Strengths and Limitations
Strengths:
- Census of 1,012 publicly accessible FDA SSEDs across specialties provides a comprehensive, system-level audit of public regulatory transparency.
- A prespecified 17-point ACTR score aligned to FDA GMLP elements, with dual-reviewer extraction and mixed-effects modeling, supports analytic rigor and appropriate adjustment for confounders.
Limitations:
- Analysis is limited to publicly available SSEDs; manufacturers may have submitted more complete data confidentially to the FDA that are not reflected in public summaries.

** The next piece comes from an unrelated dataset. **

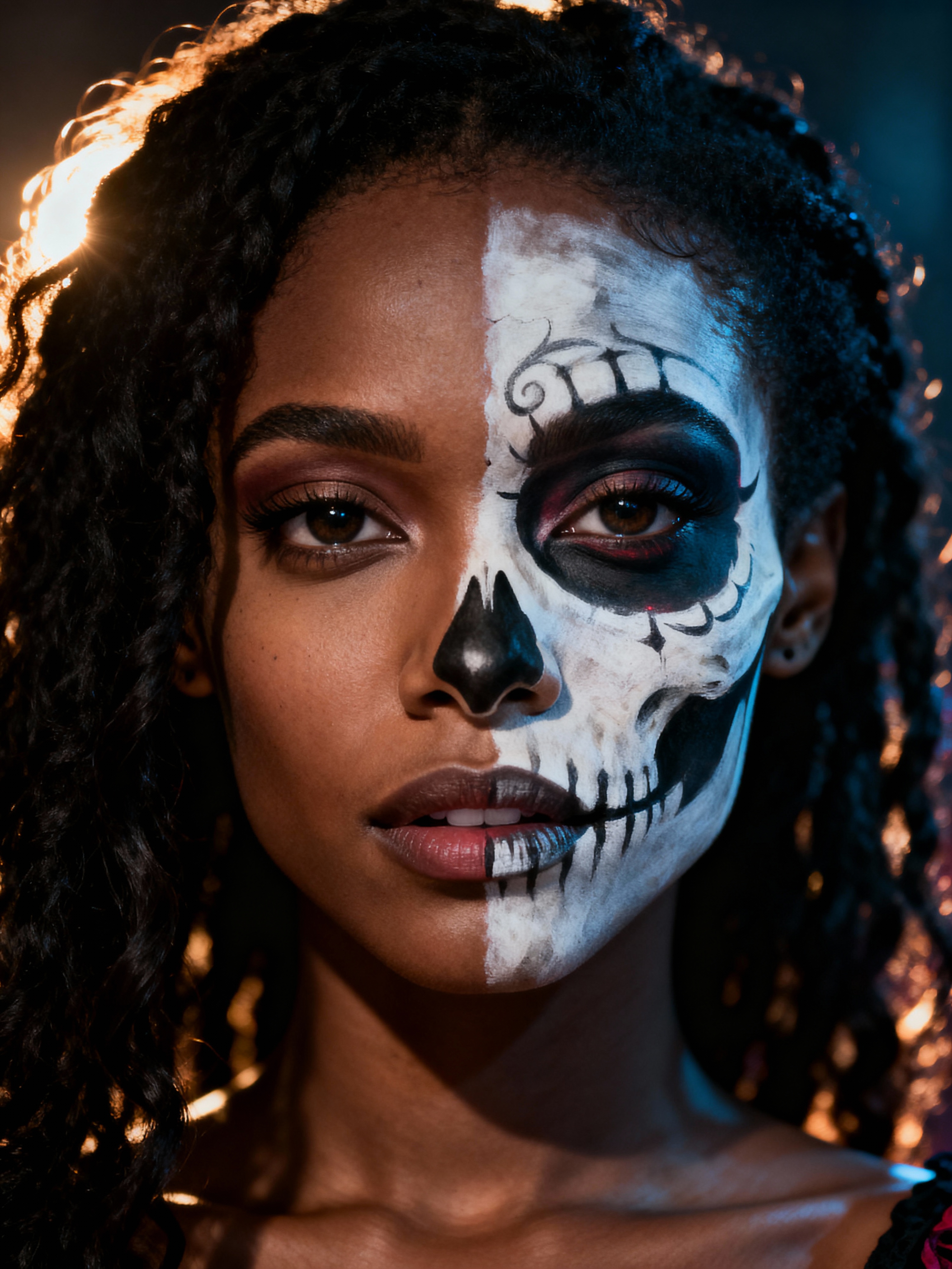 a model with face beautifully painted in half-skull calavera style , capturing the duality of life and death that defines this important cultural celebration
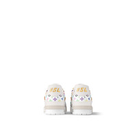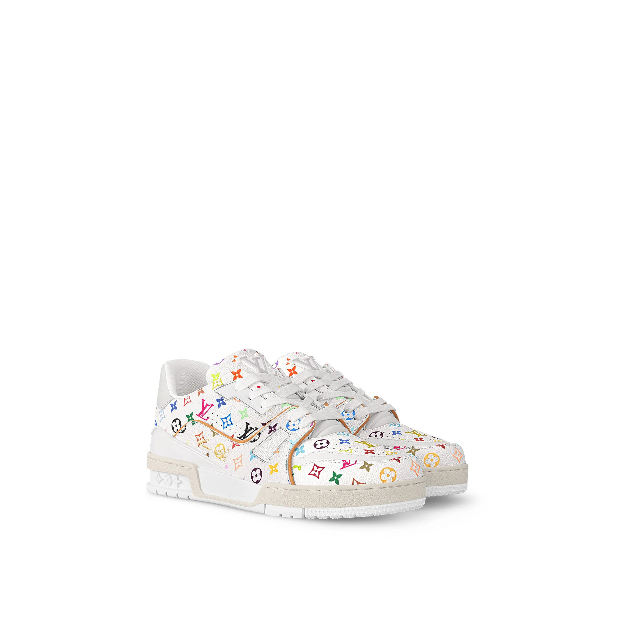 The iconic LV Trainer sneaker makes a fresh statement in grained calf leather featuring an allover print of a multicolored Monogram motif from the re-edition of the Louis Vuitton x Murakami collection, inspired by the artist’s exuberant aesthetic. Informed by vintage sporty styles, the upper is detailed with a cursive Louis Vuitton signature, while the back is printed with the number 54 in reference to 1854, the year the House was founded. - Multicolored - Grained calf leather - Laces - Signature prints - 7 hours of stitching for one pair - Rubber outsole with Monogram Flowers - Made in Italy

- Manual abstraction of heterogeneous narratives and use of a novel ACTR index may introduce subjectivity and may not capture all nuances or the relative clinical weight of different reporting elements.
Bottom Line
Public FDA device summaries for AI/ML are insufficiently transparent for pharmacy reliance—treat FDA clearance as a floor, require vendor-provided model cards and PCCPs, and implement mandatory local validation and monitoring before operational use.